SUPPLIED ENTRIES »
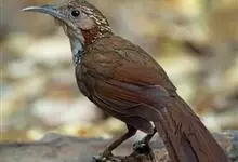长嘴钩嘴鹛是画眉科、钩嘴鹛属中型鸟类,体长24-27厘米。嘴粗壮、长而尖且向下弯曲。上体橄榄褐色或橄榄棕褐色,颊和耳羽灰褐色,其后有一栗红色斑,耳羽上面从眼后开始有一长的白色纵纹沿颈侧向下。下体白色,…全部>>
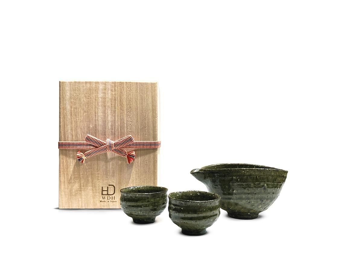 Made in Koka, Shiga—home to Shigaraki, one of Japan’s Six Ancient Kilns—this wheel-thrown set uses coarse, lightweight clay that holds warmth and chill beautifully. Mineral speckles and deep glaze layers create a natural, tactile surface you’ll feel every time you pour.
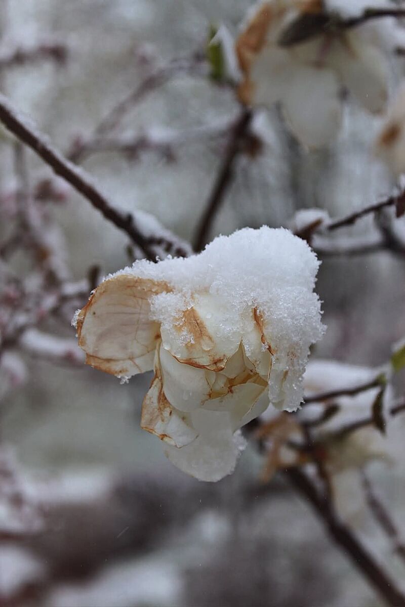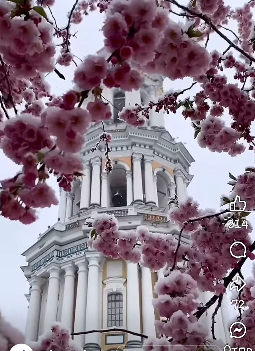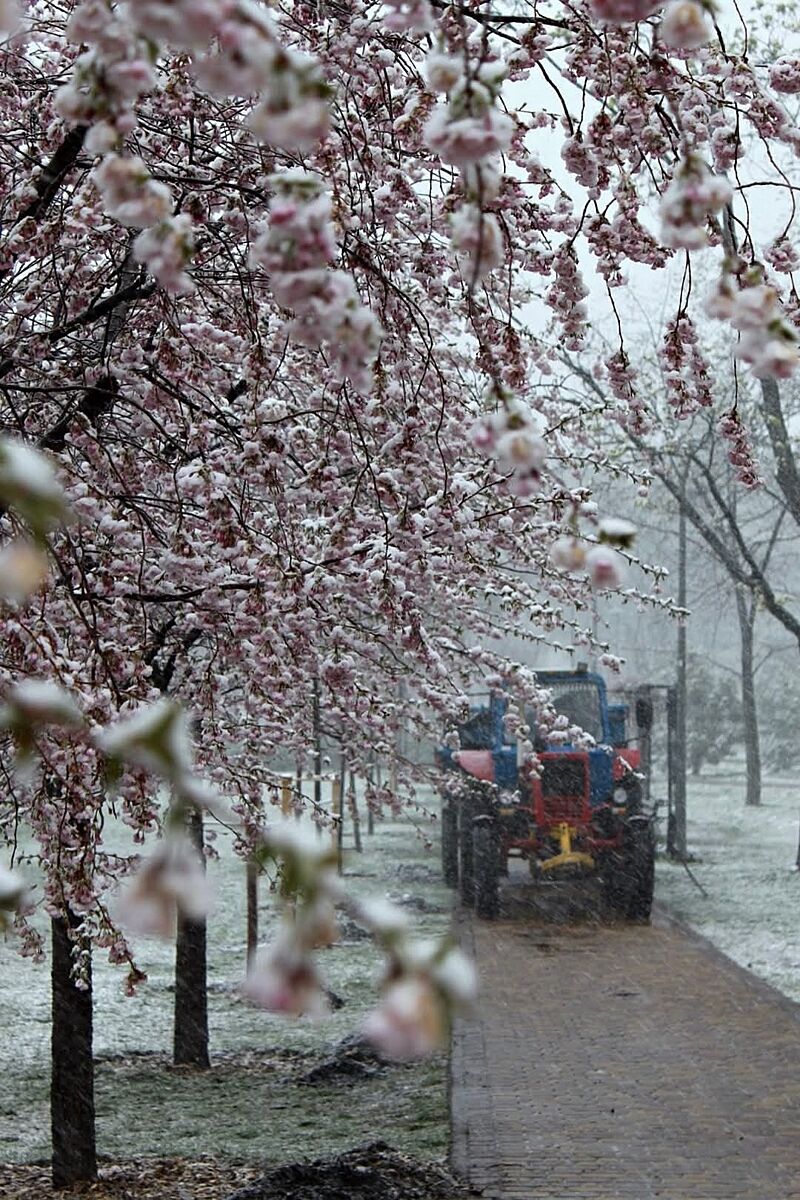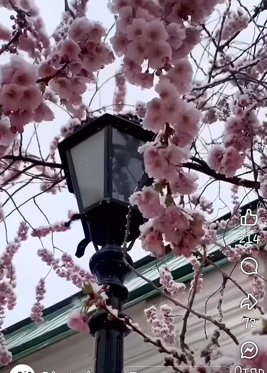 Вчорашнє фото знайомої , на другому вона, звісно в шапці і скручена від холоду, але сакури є. Або вона встигла до снігу
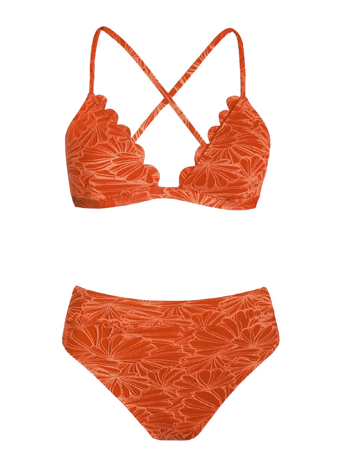 CUPSHE Bikini Set for Women Bathing Suit High Waisted Scalloped V Neck Two Pieces Swimsuit, M Coral Orange
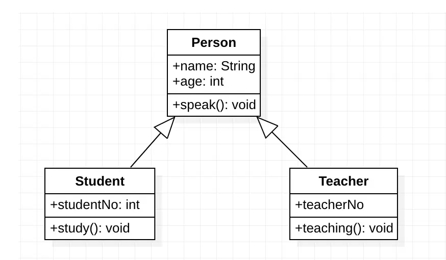 在 UML 类图中,泛化关系用带空心三角箭头的实线来表示,箭头从子类指向父类。在代码实现时,使用面向对象的继承机制来实现泛化关系。例如,Student 类和 Teacher 类都是 Person 类的子类,
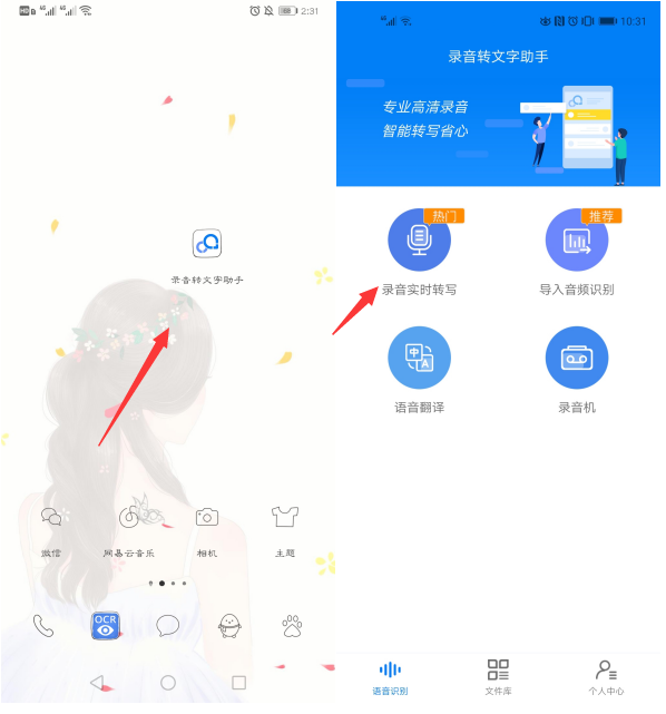 首先打开手机上已经安好的录音转文字助手,可以看到功能页上显示的4大功能:录音实时转写、导入音频识别、语音翻译以及录音机,这里我们选择录音实时转写,说一下:会议录音如何转文字;
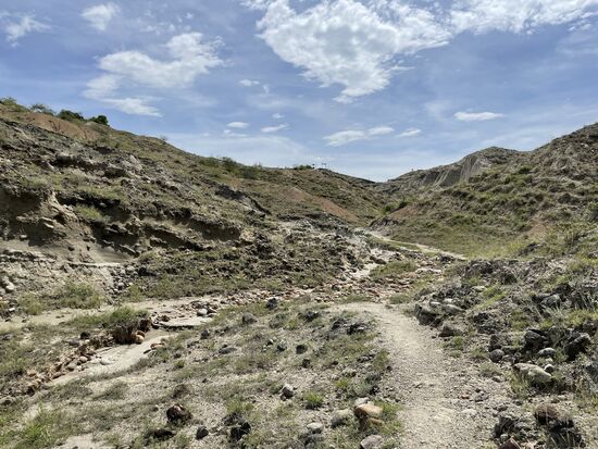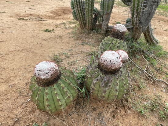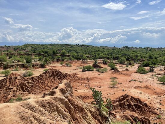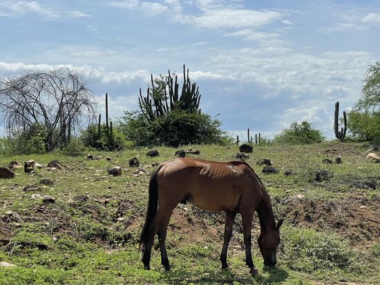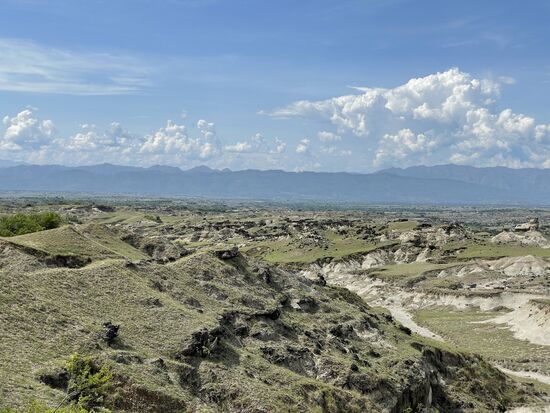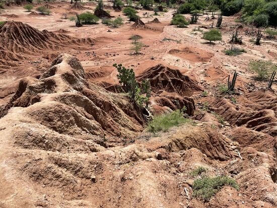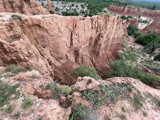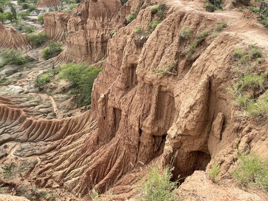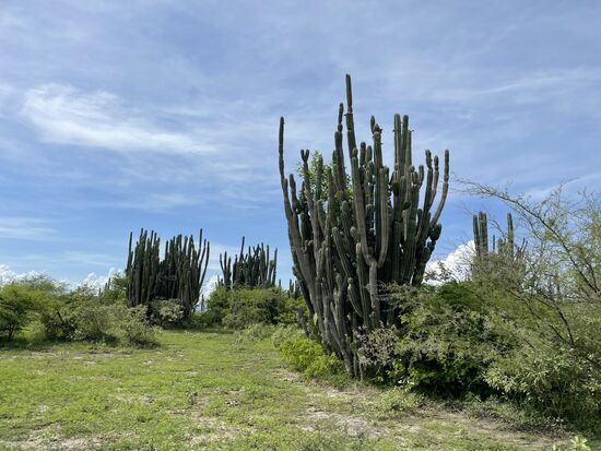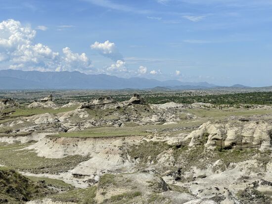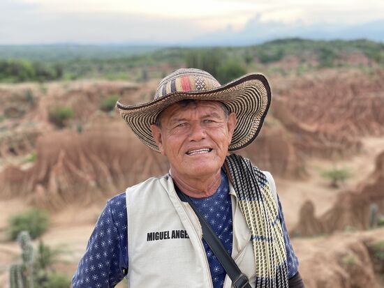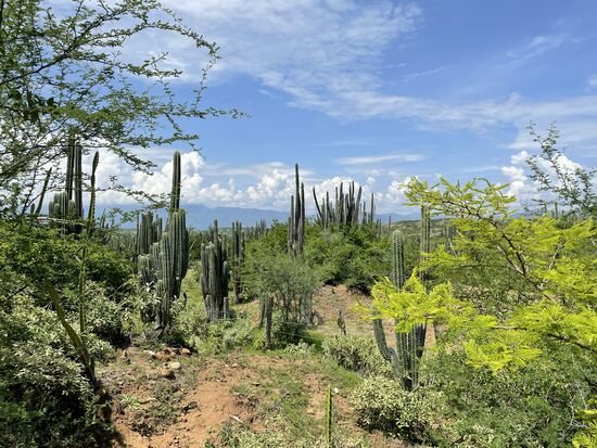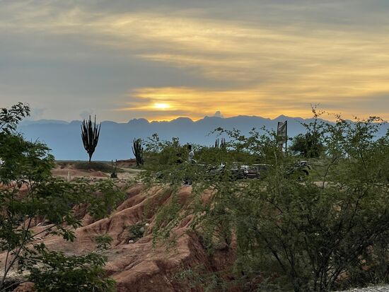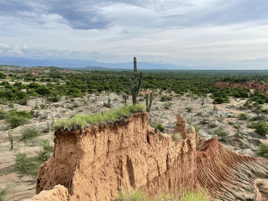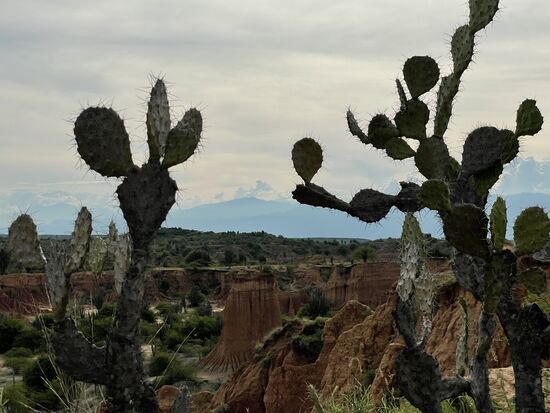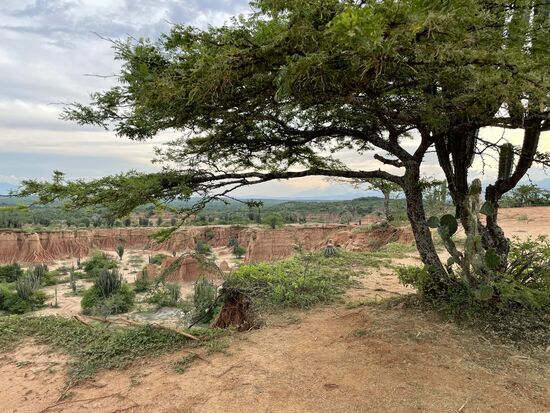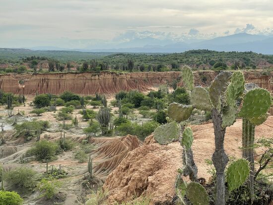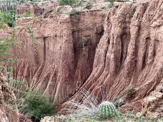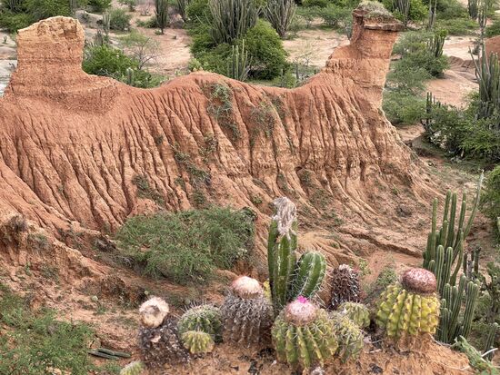 Inzwischen haben wir die Gruppe erreicht. Es sind junge Leute aus Deutschland und Holland und Isabelle übernimmt sie in Englisch, während ich mit Miguel Angel starte. Er weiss genau Bescheid über die Pflanzen, die Beschaffenheit des Bodens und die Geschichte der Tatacoa-Wüste. Zeigt mir die grossen runden Kaktusse mit ihren winzigen rosa Blüten, aus denen sich kleine Früchte entwickeln, die man essen kann. Sie sehen ein wenig aus wie rote Knoblauchzehen, sind aber innen süss und saftig.
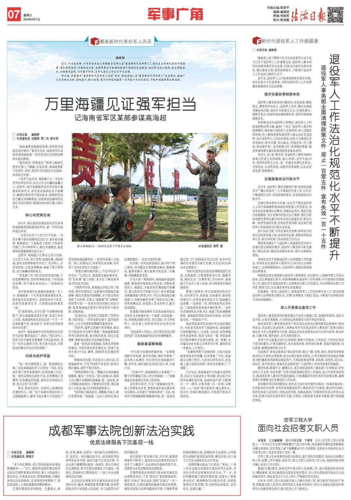 成都軍事法院余飛介紹說(shuō):“黨的二十屆三中全會(huì)提出持續(xù)深化國(guó)防和軍隊(duì)改革,為我們點(diǎn)明法治保障的目標(biāo)方向。下一步,我們將繼續(xù)緊盯基層所需所困,創(chuàng)新引入智能普法形式,精細(xì)精準(zhǔn)劃分服務(wù)內(nèi)容,深度拓展服務(wù)對(duì)象范圍,努力做到法潤(rùn)基層、法護(hù)官兵、法保打贏?!?/p>

WORK INSTRUCTIONS » Copy out exactly, with no pictures, the lines of the data from the first one through the line bearing "Inzwischen haben wir".

ANSWER TO THE PROBLEM »
长嘴钩嘴鹛是画眉科、钩嘴鹛属中型鸟类,体长24-27厘米。嘴粗壮、长而尖且向下弯曲。上体橄榄褐色或橄榄棕褐色,颊和耳羽灰褐色,其后有一栗红色斑,耳羽上面从眼后开始有一长的白色纵纹沿颈侧向下。下体白色,…全部>>
 Made in Koka, Shiga—home to Shigaraki, one of Japan’s Six Ancient Kilns—this wheel-thrown set uses coarse, lightweight clay that holds warmth and chill beautifully. Mineral speckles and deep glaze layers create a natural, tactile surface you’ll feel every time you pour.
 Вчорашнє фото знайомої , на другому вона, звісно в шапці і скручена від холоду, але сакури є. Або вона встигла до снігу
 CUPSHE Bikini Set for Women Bathing Suit High Waisted Scalloped V Neck Two Pieces Swimsuit, M Coral Orange
 在 UML 类图中,泛化关系用带空心三角箭头的实线来表示,箭头从子类指向父类。在代码实现时,使用面向对象的继承机制来实现泛化关系。例如,Student 类和 Teacher 类都是 Person 类的子类,
 首先打开手机上已经安好的录音转文字助手,可以看到功能页上显示的4大功能:录音实时转写、导入音频识别、语音翻译以及录音机,这里我们选择录音实时转写,说一下:会议录音如何转文字;
 Inzwischen haben wir die Gruppe erreicht. Es sind junge Leute aus Deutschland und Holland und Isabelle übernimmt sie in Englisch, während ich mit Miguel Angel starte. Er weiss genau Bescheid über die Pflanzen, die Beschaffenheit des Bodens und die Geschichte der Tatacoa-Wüste. Zeigt mir die grossen runden Kaktusse mit ihren winzigen rosa Blüten, aus denen sich kleine Früchte entwickeln, die man essen kann. Sie sehen ein wenig aus wie rote Knoblauchzehen, sind aber innen süss und saftig.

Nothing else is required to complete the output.